American Airlines announced this week that they would allow frequent flyers to spend their way to frequent flyer status. I welcome this news and it’s different than what United offered.
Anything You Can Do, I Can Do
There is safety in numbers. American, Delta, and United have matched new and increases in elite status requirements over the years from $10,000 spent annually up to $15,000. The levels nearly match each other with only slight variances among them.
The strategy when making unpopular changes with frequent flyer programs is to avoid disparaging the competition as much as possible and then increase the requirements to match. This includes the earning and burning of miles and points. If all the choices are the same, customers can’t run from one carrier to another and benefit. Thus, the entire airline industry benefits equally from the increases.
No single carrier has a competitive advantage in the world’s largest commercial air travel market.
The courts have seen several cases pursuing the loyalty programs for honoring their own word and have all failed. While this appears to be its own form of collusion, the courts have turned a blind eye.
We have all been stuck in the same program regardless of the logo on the tail. To this point, American Airlines’ differentiation has been limited to the alliance membership they hold.
United Changed the Game
United Airlines announced a couple of weeks ago that elite status requirements would change. Elite spending requirements per tier would increase but the distance flown was no longer important and segment requirements have been reduced.
Additionally, two game changers were introduced. The first was the ability to qualify solely by spending (and completing at least four flights on United) but the spending levels are well above what the elite levels require.

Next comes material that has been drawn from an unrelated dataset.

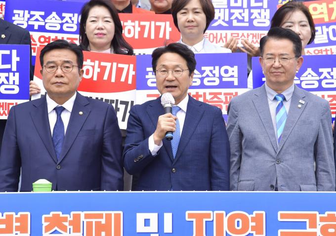 강 시장은 이날 광주송정역에서 열린 '광주송정역 고속열차 증편 촉구 결의대회'에서 "광주송정역은 광주의 관문이자 시민의 발이며 교통의 연결망인 환승역이지만 많이 불편하다. 주말이면 표를 구하지 못해 원성이 높다"고 지적했다.

The second is the ability to add elite qualifying spend and segments from partner flights based on distance and earning.
While it is perceived that only frequent flyers traveling on expensive tickets purchased by their company would benefit, that’s not necessarily the case. Frequent flyers from American and Delta already know that partner tickets can add outsized value to those seeking requalification.
I welcome being able to qualify based on spend. If a traveler flies loyally every week on expensive but short routes, why should they be penalized for the distance of the flights?
American Adds Similar Changes But Without Added Spending
American added similar distance waivers this week for top spenders but without adding additional revenue requirements for their current tiers nor reducing flying requirements for those who achieve elite status via traditional methods.
This is a “best of both worlds” solution. Adding distance waivers allows those who want to continue to qualify at lower levels to do so, but it also adds the ability for travelers who may be able to exceed them to have a fair status for their spending.
In my opinion, if qualification was the sole factor, high distance waivers put American Airlines Advantage program above Delta (who has them only for spending $250k on their co-branded American Express card), and United who requires more miles.
Luckily for those two carriers, they run a better airline than American so they don’t have anything to worry about.
Differentiation is Key
When everyone has the same frequent flyer elite program structure it hurts airlines. What stops a frequent flyer that can earn status with their carrier from switching when the requirements and benefits are roughly the same? Nothing.
Why fly American if Delta has the same requirements and benefits? Differentiation must be clear, detailed, and added value for both parties. Alaska still has the most generous program, still awards miles based on distance, and has an amazing collection of partners, but their network beyond the west coast makes them a non-starter for most of the country.
One way that Fort Worth-based American Airlines could stand out is by improving the customer experience. This starts with great customer service from flight attendants that interact with the passengers but moves to the hard product as well. American Airlines is already the largest airline in Latin America but offers sub-standard business class and scant premium economy options. The carrier could customers more service options.
I loved the distance waiver when United introduced it and love it even more now that American has something similar but without the additional spending requirements for normal qualifications. But what seems to be the most progress of all is that the three largest US programs finally have some differentiation and are moving away from matching each other. That’s better for flyers as they aim to compete for our business.
What do you think? Do you like the American distance waivers? Are you a flyer that’s affected by this?